-------- Task material --------
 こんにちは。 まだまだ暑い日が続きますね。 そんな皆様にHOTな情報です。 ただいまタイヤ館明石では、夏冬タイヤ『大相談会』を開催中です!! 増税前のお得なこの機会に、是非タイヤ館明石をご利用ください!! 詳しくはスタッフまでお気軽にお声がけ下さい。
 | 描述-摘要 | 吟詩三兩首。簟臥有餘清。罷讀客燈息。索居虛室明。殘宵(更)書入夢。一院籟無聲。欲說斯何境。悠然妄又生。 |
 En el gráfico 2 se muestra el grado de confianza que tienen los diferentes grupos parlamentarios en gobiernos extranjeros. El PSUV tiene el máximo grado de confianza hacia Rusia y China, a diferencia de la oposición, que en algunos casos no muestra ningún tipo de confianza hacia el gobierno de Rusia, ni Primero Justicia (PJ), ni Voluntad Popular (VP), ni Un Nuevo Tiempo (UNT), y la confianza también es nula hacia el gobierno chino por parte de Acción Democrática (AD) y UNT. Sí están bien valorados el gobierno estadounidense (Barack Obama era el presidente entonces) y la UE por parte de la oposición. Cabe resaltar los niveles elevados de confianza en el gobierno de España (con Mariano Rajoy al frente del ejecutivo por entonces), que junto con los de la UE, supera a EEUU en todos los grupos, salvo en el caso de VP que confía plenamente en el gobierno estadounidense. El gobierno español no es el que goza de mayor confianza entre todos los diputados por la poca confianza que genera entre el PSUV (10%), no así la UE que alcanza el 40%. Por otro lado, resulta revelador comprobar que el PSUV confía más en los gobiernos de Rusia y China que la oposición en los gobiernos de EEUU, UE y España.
--------
-------- Task material --------
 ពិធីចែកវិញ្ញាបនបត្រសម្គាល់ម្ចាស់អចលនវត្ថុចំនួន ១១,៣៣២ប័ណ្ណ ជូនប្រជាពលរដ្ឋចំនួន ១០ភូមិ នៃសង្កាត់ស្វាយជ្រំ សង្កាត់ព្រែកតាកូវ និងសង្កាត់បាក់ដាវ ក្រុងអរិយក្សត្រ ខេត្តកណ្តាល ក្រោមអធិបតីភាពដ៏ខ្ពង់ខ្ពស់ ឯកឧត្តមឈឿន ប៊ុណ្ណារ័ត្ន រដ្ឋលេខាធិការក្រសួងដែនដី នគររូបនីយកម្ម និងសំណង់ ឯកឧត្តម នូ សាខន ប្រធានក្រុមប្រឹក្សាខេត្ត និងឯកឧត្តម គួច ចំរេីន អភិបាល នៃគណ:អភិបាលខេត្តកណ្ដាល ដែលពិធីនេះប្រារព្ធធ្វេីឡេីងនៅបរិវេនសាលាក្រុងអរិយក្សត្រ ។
--------
§ **Work instruction**: Copy the lines above exactly, beginning at the line that has "こんにちは。 まだまだ暑い日が続きますね。 そんな皆様にHOTな情報です。" and stopping after the line that has "描述-摘要 | 吟詩三兩首。簟臥有餘清。罷讀客燈息。索居虛室明。殘宵(更)書入夢。一院籟無聲。欲說斯何境。悠然妄又生。 |", and omit the rest.

§ **Your response**:
 こんにちは。 まだまだ暑い日が続きますね。 そんな皆様にHOTな情報です。 ただいまタイヤ館明石では、夏冬タイヤ『大相談会』を開催中です!! 増税前のお得なこの機会に、是非タイヤ館明石をご利用ください!! 詳しくはスタッフまでお気軽にお声がけ下さい。
 | 描述-摘要 | 吟詩三兩首。簟臥有餘清。罷讀客燈息。索居虛室明。殘宵(更)書入夢。一院籟無聲。欲說斯何境。悠然妄又生。 |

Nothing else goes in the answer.